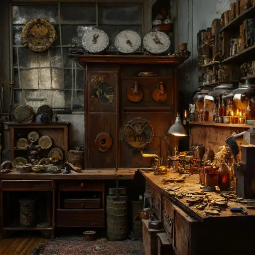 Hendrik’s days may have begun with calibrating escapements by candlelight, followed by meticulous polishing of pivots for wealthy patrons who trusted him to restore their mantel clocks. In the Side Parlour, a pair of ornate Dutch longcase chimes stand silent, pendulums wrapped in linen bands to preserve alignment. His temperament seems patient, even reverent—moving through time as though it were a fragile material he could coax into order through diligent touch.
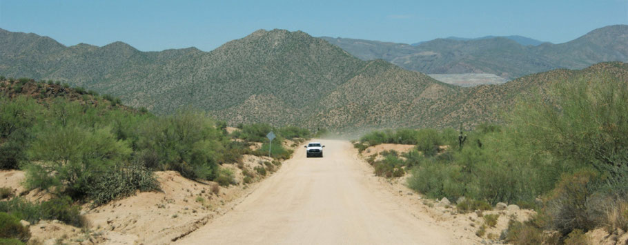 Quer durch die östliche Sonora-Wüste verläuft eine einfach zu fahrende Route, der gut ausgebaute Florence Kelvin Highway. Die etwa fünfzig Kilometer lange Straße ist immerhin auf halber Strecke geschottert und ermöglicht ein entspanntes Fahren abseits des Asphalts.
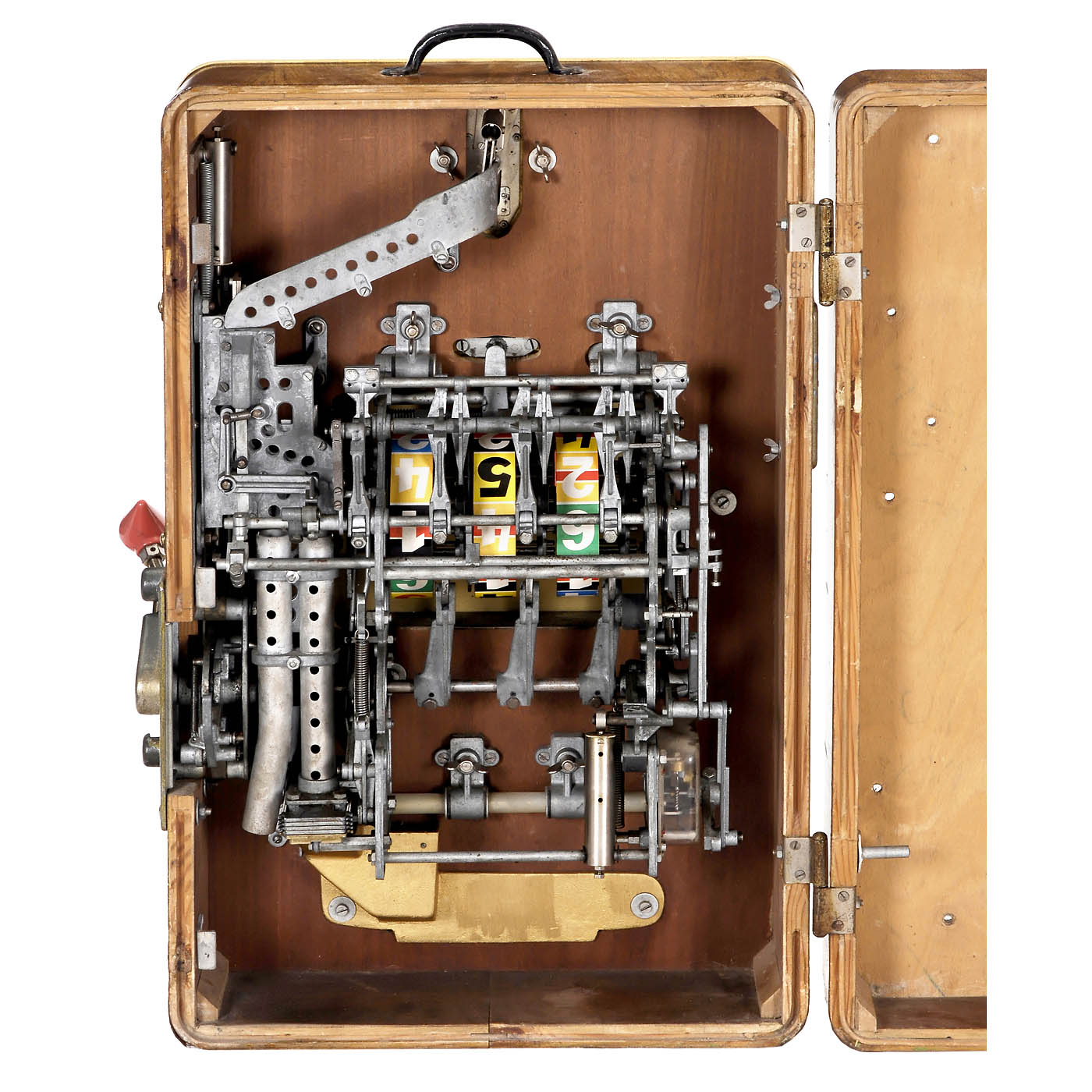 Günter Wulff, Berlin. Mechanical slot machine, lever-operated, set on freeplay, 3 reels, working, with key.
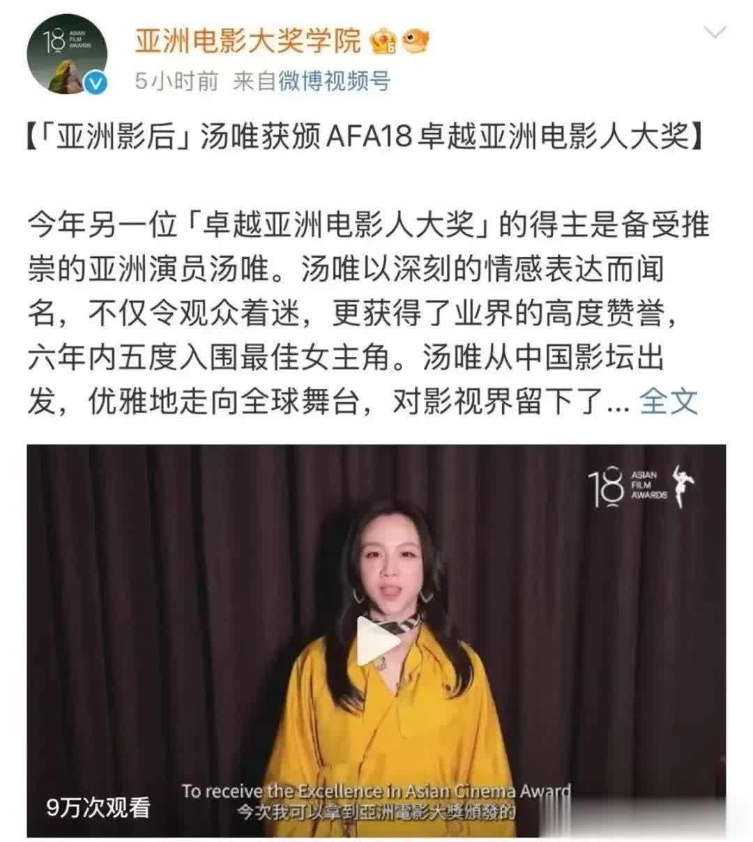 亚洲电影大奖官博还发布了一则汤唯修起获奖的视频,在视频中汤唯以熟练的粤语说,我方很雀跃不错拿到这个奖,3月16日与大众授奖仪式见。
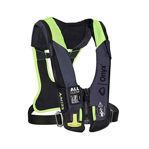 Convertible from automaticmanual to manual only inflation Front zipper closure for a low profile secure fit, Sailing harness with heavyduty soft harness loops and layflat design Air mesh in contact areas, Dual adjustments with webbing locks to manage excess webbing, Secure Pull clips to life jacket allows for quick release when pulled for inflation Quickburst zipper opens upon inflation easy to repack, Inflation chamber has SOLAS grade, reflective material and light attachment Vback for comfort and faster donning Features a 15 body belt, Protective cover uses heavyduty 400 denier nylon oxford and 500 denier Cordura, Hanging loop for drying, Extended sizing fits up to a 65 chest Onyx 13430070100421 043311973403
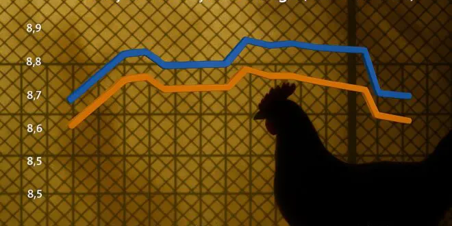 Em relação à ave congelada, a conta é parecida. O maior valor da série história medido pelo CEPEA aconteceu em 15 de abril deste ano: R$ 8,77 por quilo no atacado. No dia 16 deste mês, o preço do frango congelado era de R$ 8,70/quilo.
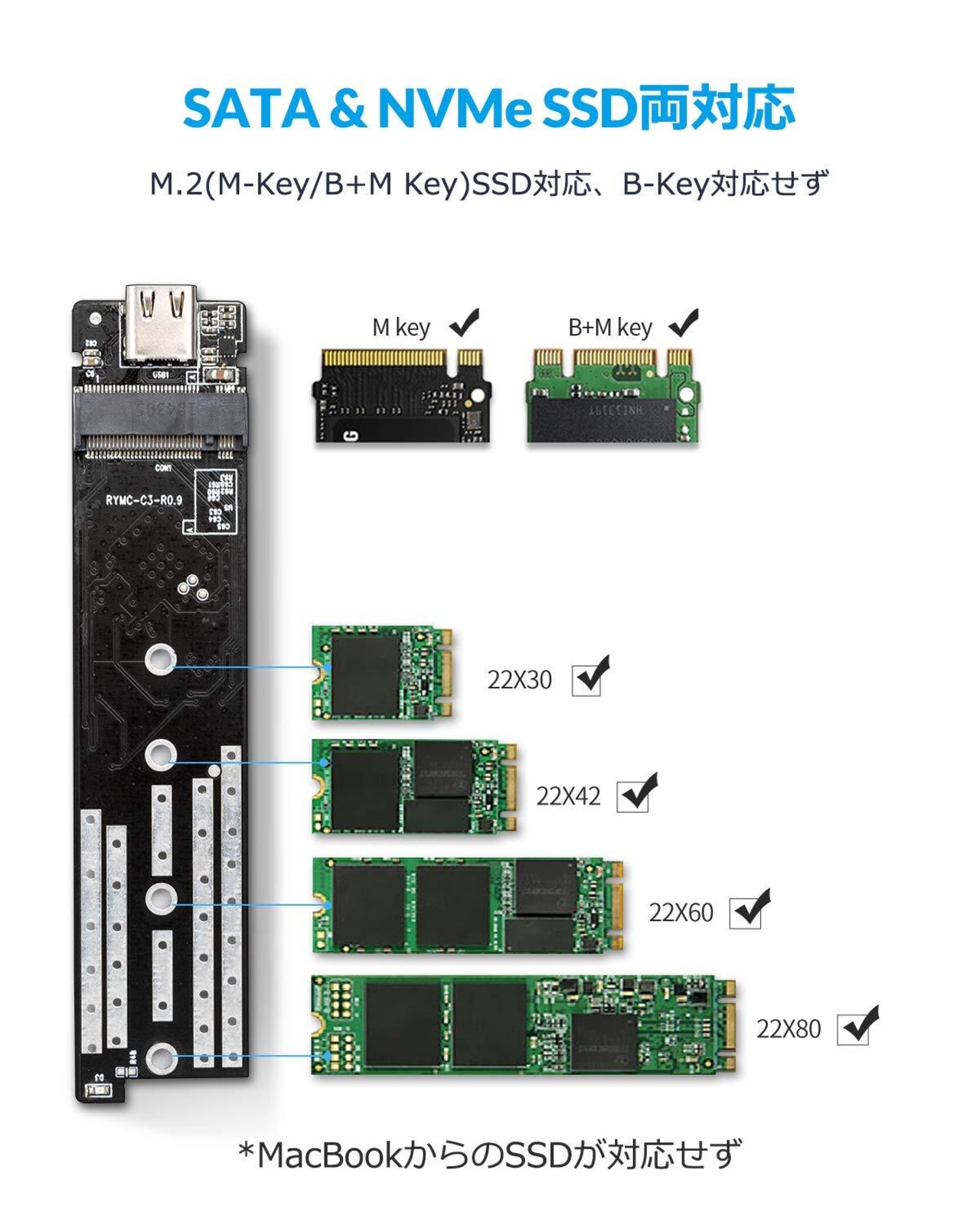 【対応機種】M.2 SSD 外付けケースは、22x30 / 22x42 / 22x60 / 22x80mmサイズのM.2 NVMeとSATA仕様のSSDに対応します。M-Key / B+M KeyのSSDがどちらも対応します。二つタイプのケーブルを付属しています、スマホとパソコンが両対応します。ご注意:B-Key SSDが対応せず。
...
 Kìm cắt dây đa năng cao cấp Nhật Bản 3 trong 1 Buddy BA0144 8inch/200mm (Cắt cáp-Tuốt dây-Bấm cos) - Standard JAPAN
---
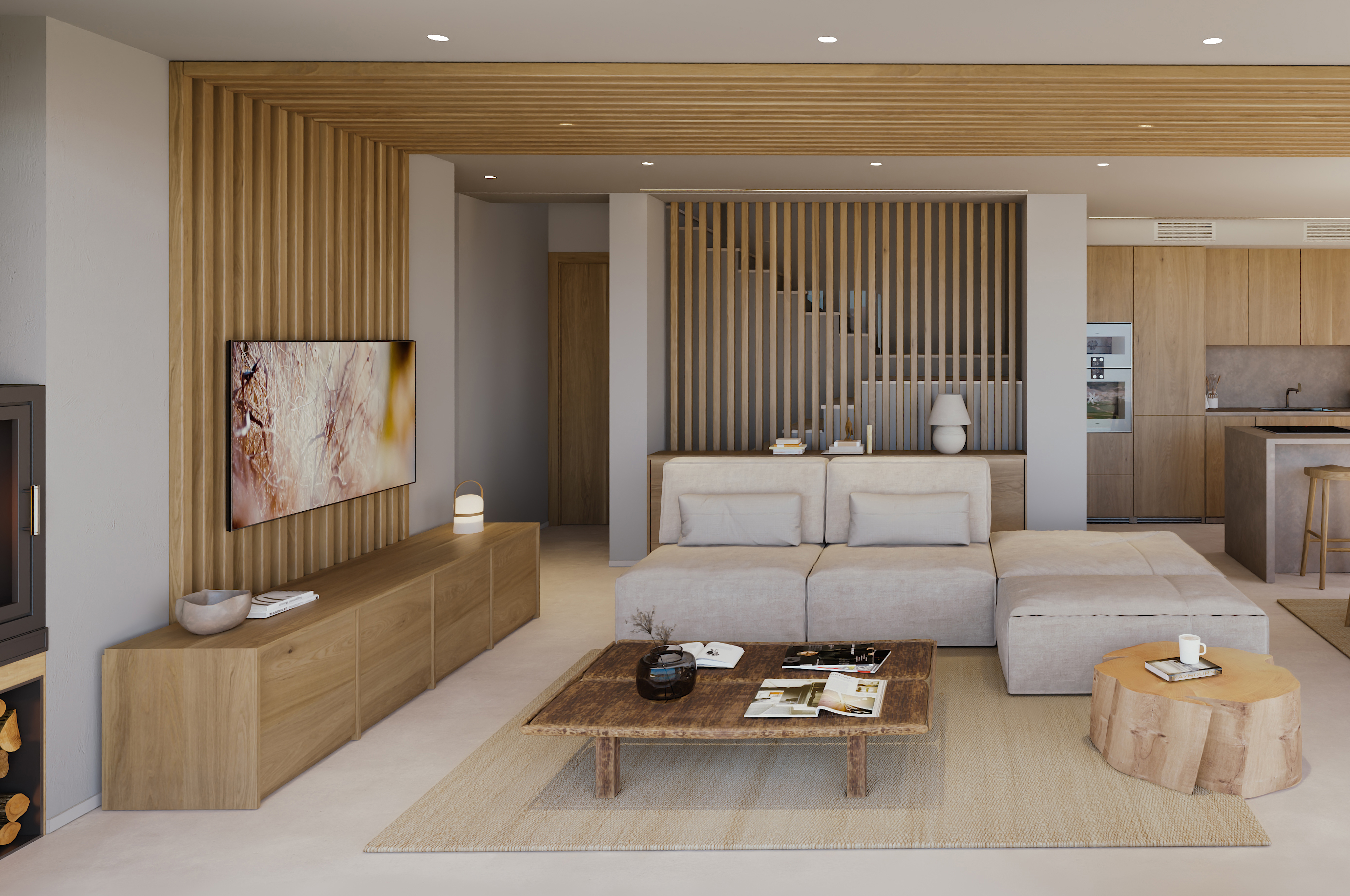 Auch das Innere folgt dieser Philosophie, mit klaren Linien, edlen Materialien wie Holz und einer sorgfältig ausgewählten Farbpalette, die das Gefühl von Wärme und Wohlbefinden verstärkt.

■ Problem statement ■
Beginning at the line above that contains "Hendrik’s days may", repeat each line exactly through the one that contains "Quer durch die", and leave out the pictures.

■ Expected answer ■
 Hendrik’s days may have begun with calibrating escapements by candlelight, followed by meticulous polishing of pivots for wealthy patrons who trusted him to restore their mantel clocks. In the Side Parlour, a pair of ornate Dutch longcase chimes stand silent, pendulums wrapped in linen bands to preserve alignment. His temperament seems patient, even reverent—moving through time as though it were a fragile material he could coax into order through diligent touch.
 Quer durch die östliche Sonora-Wüste verläuft eine einfach zu fahrende Route, der gut ausgebaute Florence Kelvin Highway. Die etwa fünfzig Kilometer lange Straße ist immerhin auf halber Strecke geschottert und ermöglicht ein entspanntes Fahren abseits des Asphalts.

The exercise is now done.